At times the position makes you crazy. Petrocelli says, "When I faced a pull hitter who could hit homers but could also bunt, like Paul Blair, it drove me nuts."

Says Rader, "I don't think many guys today fit the mold at third base. You have to be real aggressive, a tough s.o.b. I signed as a shortstop, but from the time I signed until the day I reported, I grew two inches and gained 20 pounds. When I got to my first spring training, the clubhouse guy, Whitey Diskin, asked me who I was. I said, 'I'm Rader, the shortstop.' He said, 'You might be Rader, but you're no shortstop. You're a third baseman.' "

The Giants' Williams says, "You have to want the ball hit to you every play, and you want it hit to you hard every play. It's a good feeling to make that dive." Says Malzone, "You can't have any fear of the baseball. At third, if you have any fear, you're done."

"You make plays without even seeing the ball," says new Cub and former Mariners manager Jim Lefebvre. "Boggs made an unbelievable play against us last year. I asked him, 'How did you do that?' He smiled and said, 'I don't know.' "

Third base.

Shortstop has traditionally been considered baseball's ultimate skill position, and it is true that shortstop requires more pure athleticism—speed, range and agility—than third base. But shortstop is also safer. "I used to get hit in the cup regularly at third," says Cal Ripken Jr., the Orioles' All-Star shortstop, who played third for three years in the minors. "At shortstop I've never been hit in the cup."

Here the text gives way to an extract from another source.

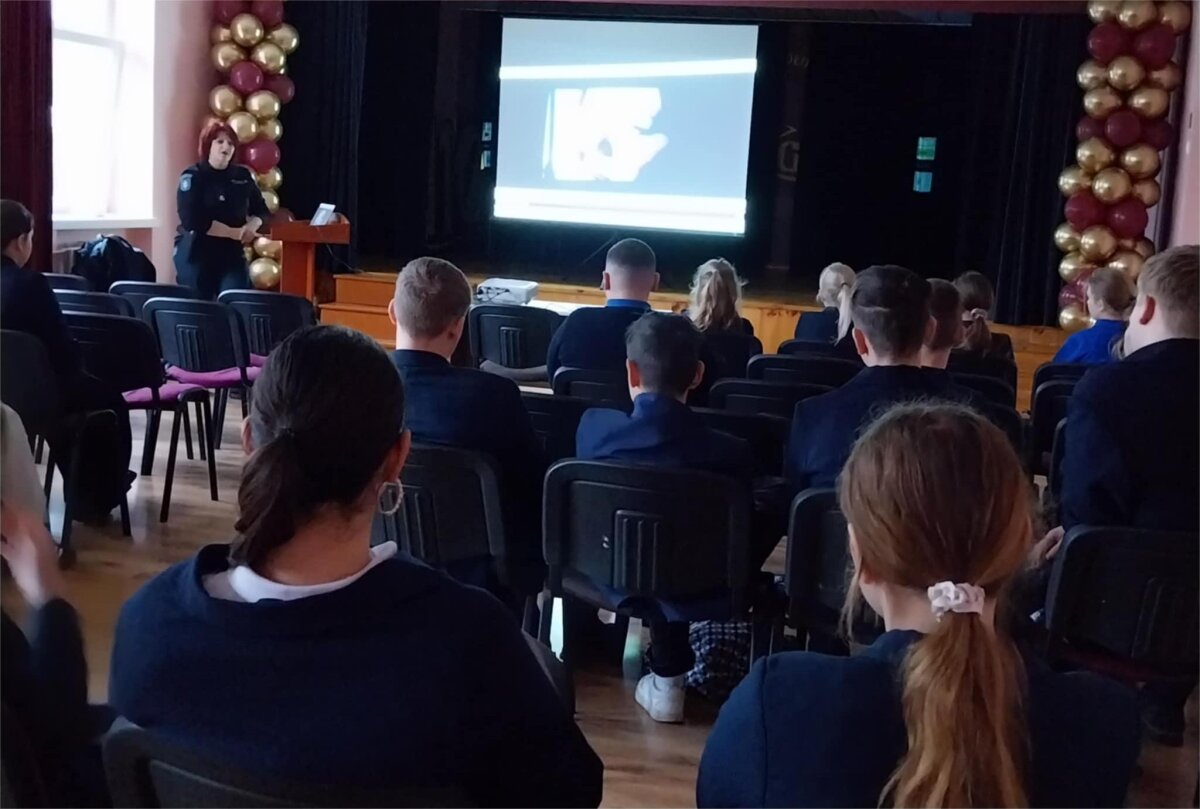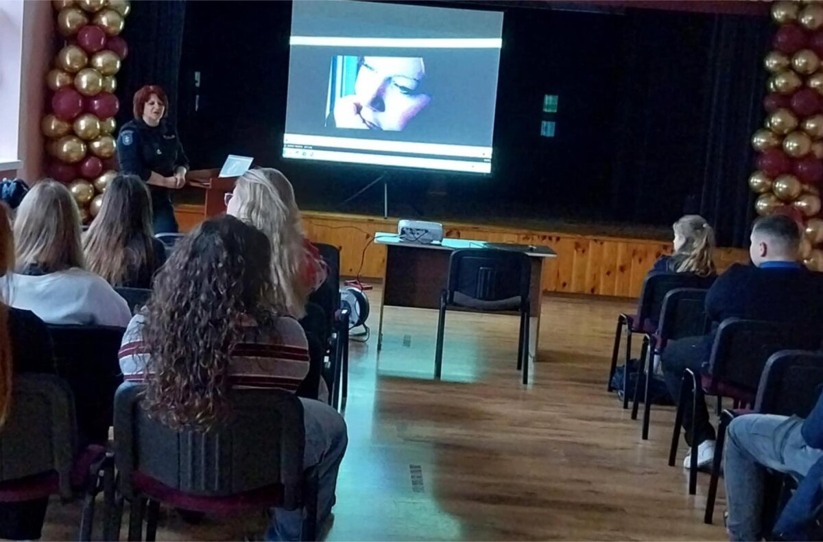 Šiandien gimnazijoje vyko prevencinis renginys 5–10 klasių mokiniams, kurį vedė pakviesta Vilniaus apskr. VPK Trakų r. PK Veiklos skyriaus vyriausioji tyrėja Vlada Černienė.

Jim Fregosi, now manager of the Phillies, was moved from shortstop to third base 11 years into his major league career. "I like to think of myself as having been a hell of a defensive shortstop, but I was a terrible third baseman," he says. "I never saw the ball come off the bat. You can't see the hitter's hands come through the hitting zone like you can at shortstop."